Исповедь королевы - Холт Виктория 4 стр.


Мои зубы также служили поводом для беспокойства, потому что были неровными. Из Франции специально прислали зубного врача. Он осмотрел мой рот и нахмурился точно так же, как прежде мсье Ларсеннер при виде моей прически. Он пытался исправить мои зубы, но, кажется, не добился заметных результатов и наконец сдался. Мои передние зубы слегка выдавались вперед. Как говорили, по этой причине моя нижняя губа казалась как бы презрительно вывернутой. Я старалась как можно больше улыбаться. Хотя моя улыбка обнажала неровные зубы, зато благодаря ей исчезал этот презрительный вид.

Я вынуждена была носить корсет, который я ненавидела, а также постепенно привыкать к высоким каблукам, которые не позволяли мне бегать по саду с моими собаками. Когда я думала о том, что мне придется покинуть моих собак, я разражалась слезами. Аббат утешал меня и говорил, что, когда я стану дофиной Франции, у меня будет столько французских собак, сколько я захочу.

Приближался день моего четырнадцатилетия, и матушка решила, что нужно устроить fete[7], на котором я буду председательствовать. На празднике обязан был присутствовать весь двор. Таким образом, предполагалась проверка, которая должна была показать, способна ли я стать центром внимания общества в подобных случаях.
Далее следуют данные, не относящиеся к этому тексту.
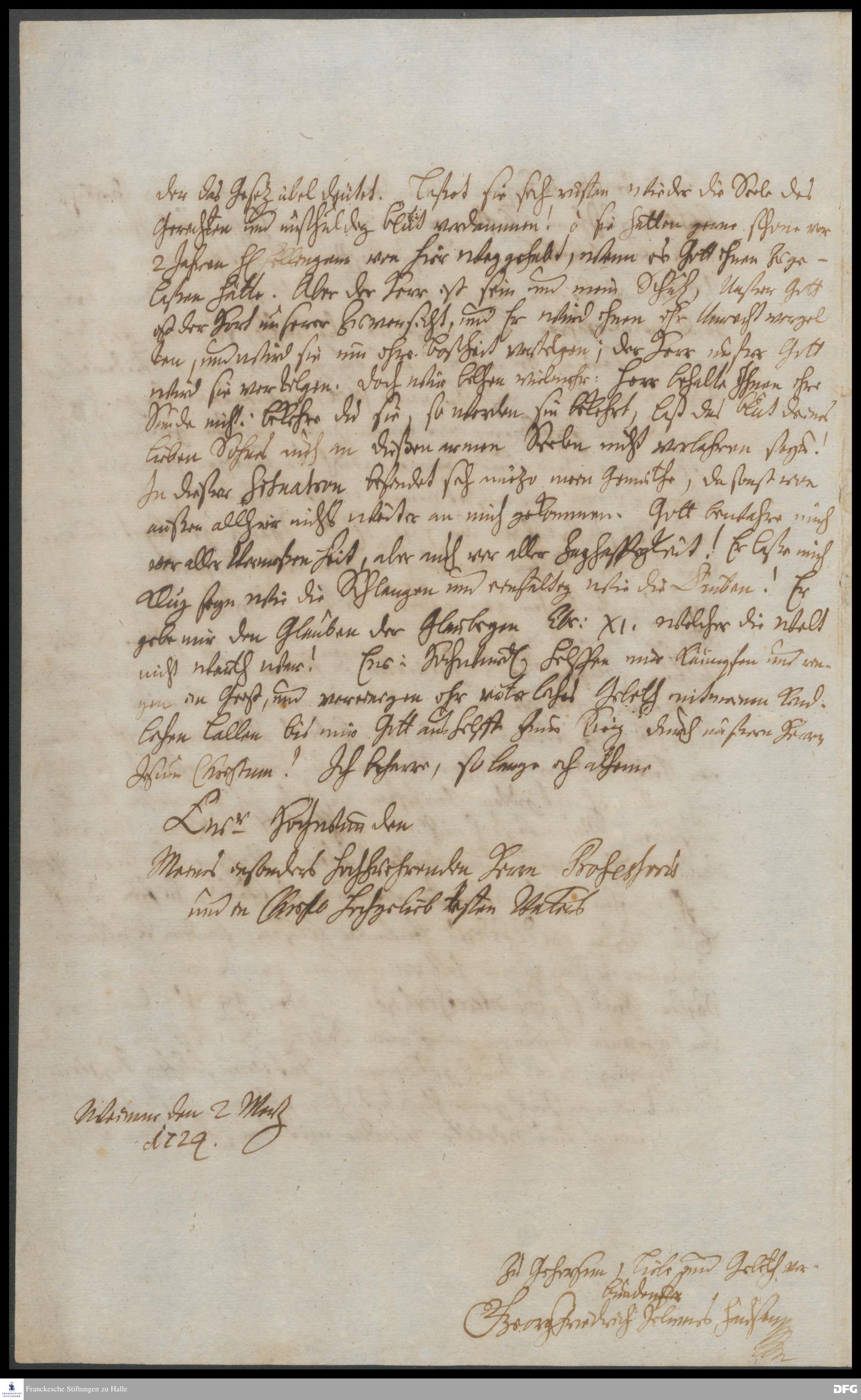 Brief von Georg Friedrich Helmershausen an August Hermann Francke.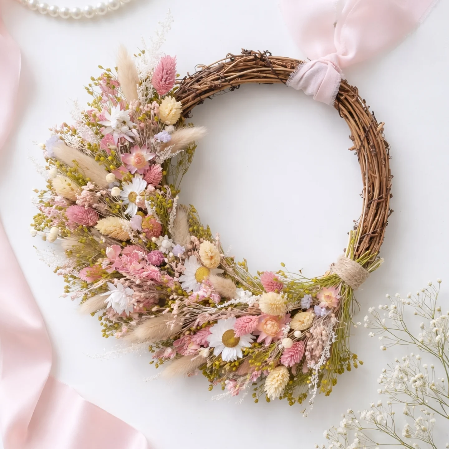 Igazi tavaszi színvilágú koszorú krém, fehér, zöld és rózsaszín virágokkal díszítve.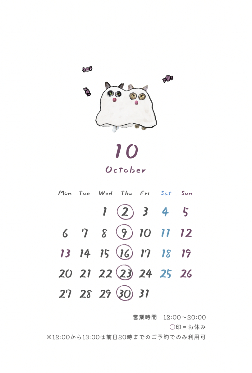 お知らせ2025.03.013月の営業日 毎週木曜日に定休日をいただいておりますが、3月20日(木)は祝日のため営業いたします。代わりに3月19日(水)をお休みさせていただきますので、お間違いないようお気をつけください。 12時から13時の1時間は通常料金で貸し切り利用が可能です🐈🌷※前日20時までのご予約必須! ご予約・お問い合わせはこちらから 保護中: ハルくんの憂鬱2025.10.09保護中: ⚡電撃!つむぎ王国⚡2025.09.2410月の営業日2025.09.22ひよりちゃん2025.09.22
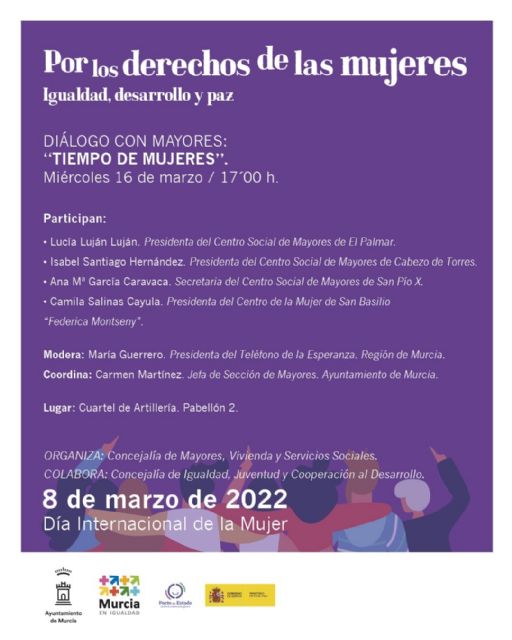 Por su parte, la concejala Paqui Pérez mostrará, una vez más, su agradecimiento a todas las personas que han hecho posible que se celebre este segundo encuentro enmarcado en el Día Internacional de la Mujer. "Un diálogo abierto y enriquecedor donde las mujeres mayores podrán expresar sus vivencias, inquietudes y objetivos, además de dar a conocer su punto de vista sobre la igualdad, el fomento del autocuidado y el incremento de su autonomía y su participación en la toma de decisiones para poder avanzar hacia  un mundo más igualitario y justo, libre de violencia, maltrato e injustas discriminaciones".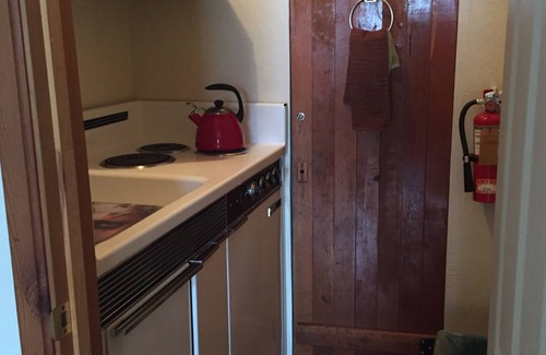 Enjoy this private and cozy cottage perfect for accommodating one or two guests in downtown Dorrington! Nestled in between large trees but also overlooks a beautiful expansive 2-acre meadow. Located just steps away from the historic Dorrington Hotel and the acclaimed Lube Room Saloon, this cottage has the basic amenities to enjoy a relaxing, quiet get-away. There's a kitchenette with a 2-burner stove, mini-refrigerator, microwave, and a toaster oven. Cottage comfort also includes plush bed linens and towels, a gas fireplace as well as a wall heater, free WiFi, and a combination shower/tub.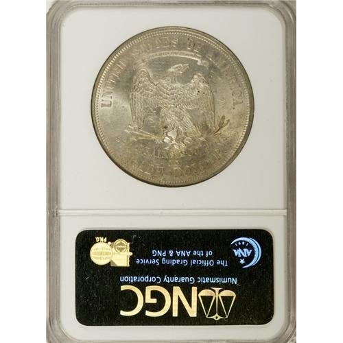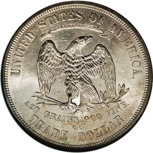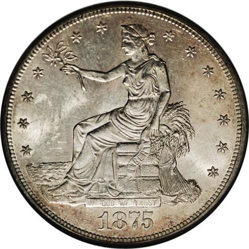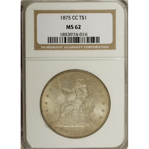 <B>1875-CC T$1 MS62 NGC.</B></I> Type One Reverse. A lustrous CC-mint Trade dollar whose chestnut-gray surfaces are clean aside from a few vertical lines on the left obverse field. The strike is crisp except for slightly blending on Liberty's hair and the eagle's right (facing) claw. Census: 37 in 62, 43 finer (1/07).<BR><BR><b>Shipping:</b> Coins & Currency (<a target="_blank" href="http://www.heritageauctions.com/common/shipping.php">view shipping information</a>)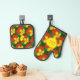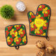 Yellow Red Flower Pattern with Green Background Oven Mitt & Pot Holder Set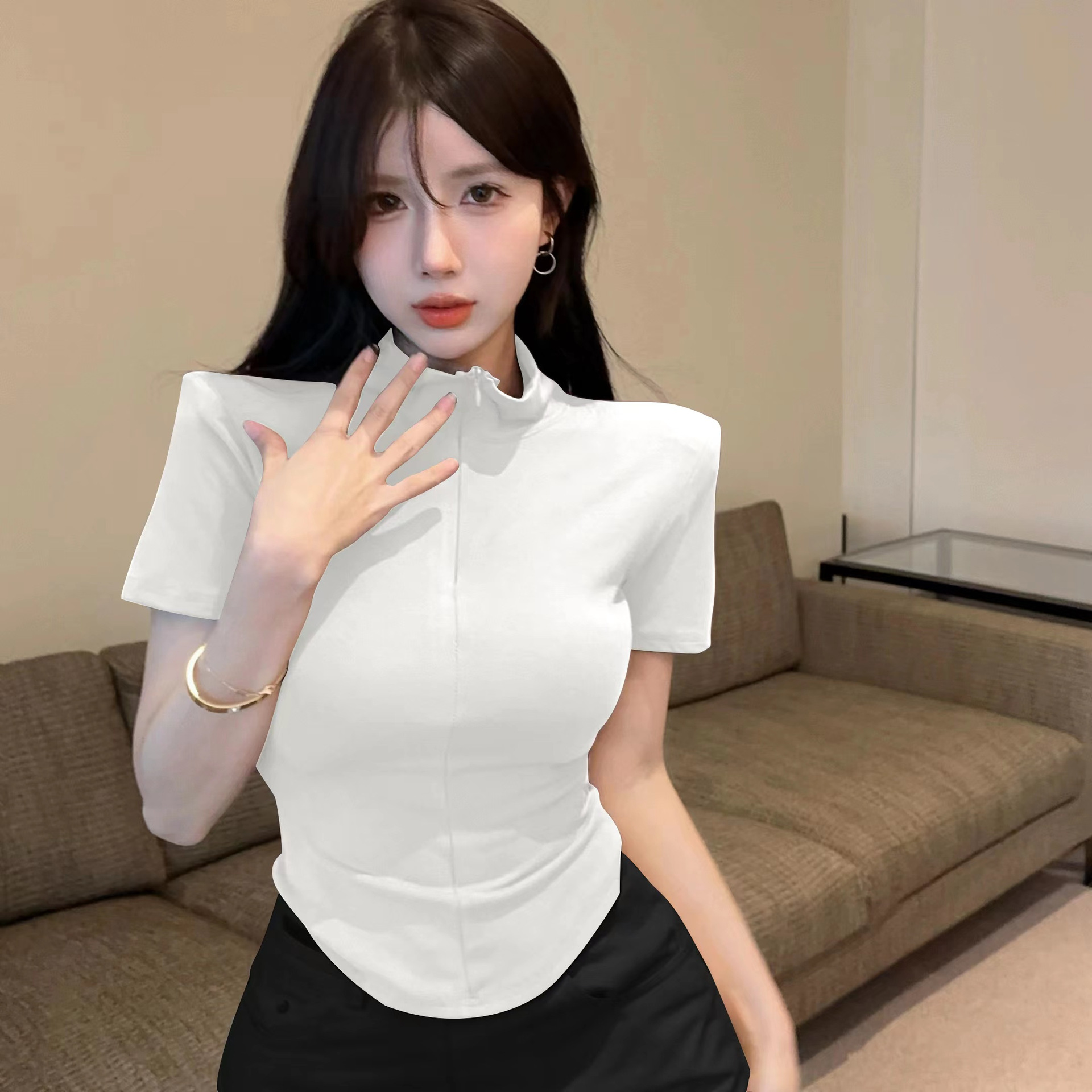 夏服純色シンプル半高襟半袖tシャツ女性ins百合正肩甘ギャル百合短金上服潮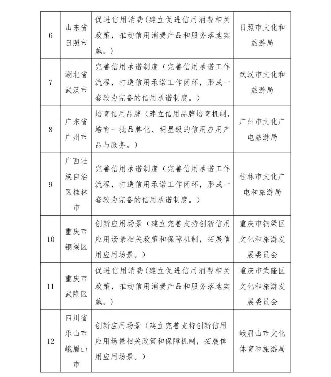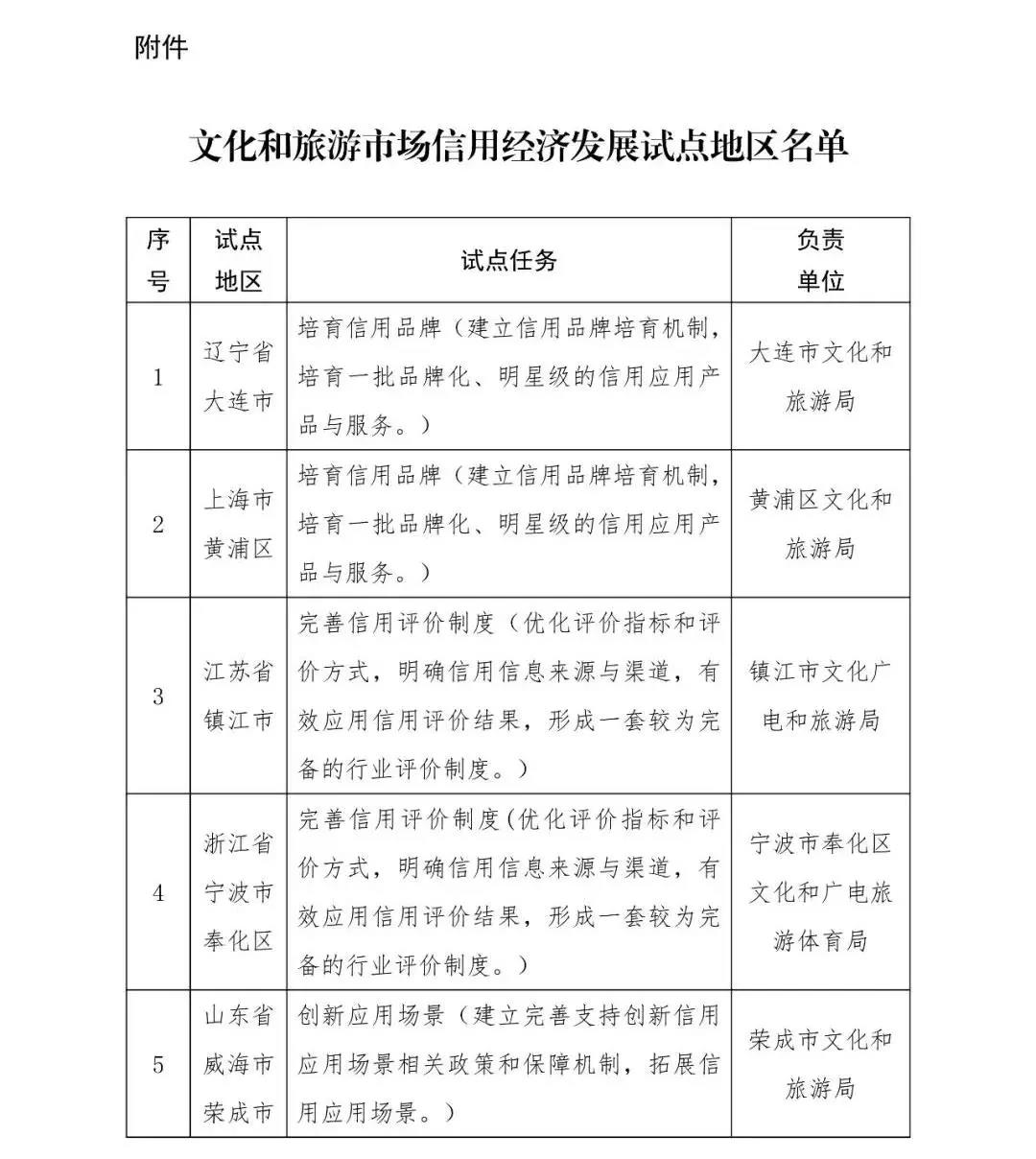 近日,文化和旅游部辦公廳發(fā)布關(guān)于公布文化和旅游市場信用經(jīng)濟(jì)發(fā)展試點(diǎn)地區(qū)名單的通知,全文如下:

Это не особенно беспокоило меня, потому что было всего лишь очередным уроком, который я должна была выдержать. Я принимала гостей без всякого стеснения и танцевала так, как меня учил Новерр. Я знаю, что имела успех. Даже Каунитц, пришедший на праздник исключительно для того, чтобы понаблюдать за мной, а не для развлечения, сказал мне об этом. Впоследствии матушка передала мне его слова. Он сказал: «Эрцгерцогиня будет иметь успех, несмотря на ее наивность, если никто никто не испортит ее».

Матушка особо выделила слова «наивность» и «испортит». Ома настаивала на том, что мне следует как можно скорее повзрослеть. Я не должна наивно верить, что любой человек сделает все, что я пожелаю, стоит мне только улыбнуться.

Время шло. Через два месяца, если все приготовления будут завершены и все разногласия между французами и австрийцами улажены, я должна буду уехать во Францию. Матушка казалась глубоко обеспокоенной. Она говорила, что я совсем не подготовлена к отъезду. Однажды меня вызвали к ней в салон. Она сказала, что теперь я буду спать в ее спальне, чтобы она могла найти свободную минуту и уделить мне внимание. Я была гораздо больше напугана этой немедленной перспективой, чем тем, что мне предстояло начать новую жизнь в незнакомой стране. Это было характерно для меня.

Я до сих пор вспоминаю — теперь с ностальгией — те дни и ночи, наполненные беспокойством и опасениями. В большой императорской спальне стоял ледяной холод. Все окна были широко открыты, чтобы свежий воздух мог беспрепятственно проникать внутрь. В комнату залетали снежинки, но гораздо страшнее был резкий холодный ветер. Предполагалось, что у всех нас окна тоже должны были быть открыты, но мне обычно удавалось уговорить слуг закрывать их в моей комнате. Они делали это довольно охотно. Потом окна приходилось снова открывать, чтобы никто не обнаружил, что они закрывались на ночь. Но в спальне моей матушки не было такого комфорта. Единственное теплое местечко было в кровати. Иногда я нарочно притворялась спящей. Матушка, стоя надо мной, убирала одежду, которой я закрывала лицо. Это был единственный способ защитить себя от ледяного сквозняка. Холодными пальцами она отводила волосы от моих глаз и целовала меня с такой нежностью, что я забывала, что должна притворяться спящей, так мне хотелось прыгнуть и обнять ее за шею.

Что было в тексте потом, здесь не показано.